Earthquake exposure was assessed with four self-designed items at the first time point (1 year after the earthquake). The first was house damage, for which three options were provided: “no,” “moderate,” and “severe,” recorded as “0,” “1,” and “2,” respectively. Moderate referred to the case where the house was partially damaged but habitable, whereas severe was defined as the total collapse of the house. The second item was the number of moves after the earthquake. The government established many temporary shelters after the earthquake. Survivors could leave the temporary shelters and return to their own house when their houses had been repaired and the public health emergency had stabilized. Some staff as survivors might have needed to move several times among different temporary shelters, as temporary communities were combined when a certain number of survivors returned home. A larger number of moves indicates higher earthquake exposure risk [36]. The third item was the number of relatives who died. Participants were required to report how many of their relatives died in the earthquake. In the last item, injury, participants were asked to indicate if they were injured in the earthquake. Responses were recorded as “0” (no) or “1” (yes).

ProQOL

Professional quality of life was assessed by the Professional Quality of Life Scale (ProQOL) at the one-year assessment. The ProQOL is a self-reported scale developed specifically for rescuers working with individuals who have experienced extremely stressful events, with demonstrated validity and reliability [14, 37]. The Chinese version of ProQOL has previously been published [38, 39] and has shown good psychometrics properties among local government staff after the Wenchuan earthquake [38]. In the current study, ProQOL is applied to indicate the quality of life local government staff perceived when they were engaging in the post-quake relief and reconstruction as rescuers.

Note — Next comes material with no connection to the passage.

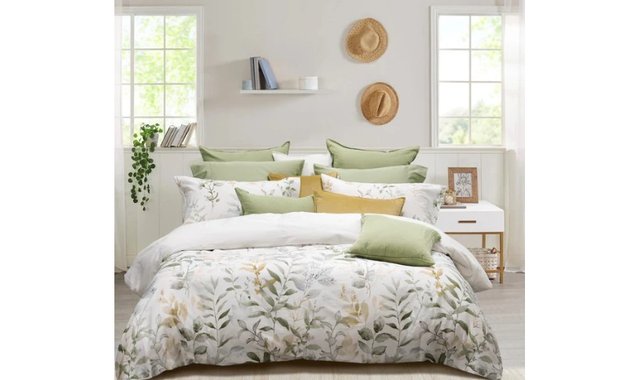 The Aspen Duvet Cover Set boasts a botanical design of beautiful green and gold tones on a crisp off-white background. Elevate your bedroom décor with this stunning and sophisticated set. Made from high-quality materials, it offers both style and comfort for a luxurious sleeping experience. Transform your room into a tranquil oasis with the Aspen Duvet Cover Set. 300 Threadcount 100% cotton sateen. Hidden 60” zipper on the side for easy removal and cleaning Machine Washable

The use of ProQOL was permitted by the ProQOL Office. It contains 30 items with three subscales: compassion satisfaction, burnout, and secondary trauma stress. Participants were instructed to answer how frequently they had experienced each situation when they were helping other survivors or engaging in the post-quake relief and reconstruction work in the last month. Each item is scored on a five-point Likert scale (1 = never, 2 = rarely, 3 = sometimes, 4 = often, 5 = very often). Scores were calculated by separately summing items in the three subscales, with possible scores ranging from 10 to 50 for each subscale. Higher scores represent higher levels of compassion satisfaction, burnout, or secondary trauma stress [14, 40].

Statistical analyses

For the longitudinal changes in emotional distress, Wilcoxon signed-rank tests were performed. Hierarchical multiple regression analyses were conducted to examine whether earthquake exposure and ProQOL, separately, would predict emotional distress at 1 and 7 years after the earthquake. All models were adjusted for demographic covariates, including age, sex, education, religion, marital status, and family income, which were entered as a block in the first step, followed by the earthquake exposure or ProQOL variables (compassion satisfaction, burnout, and secondary trauma stress) in the next step.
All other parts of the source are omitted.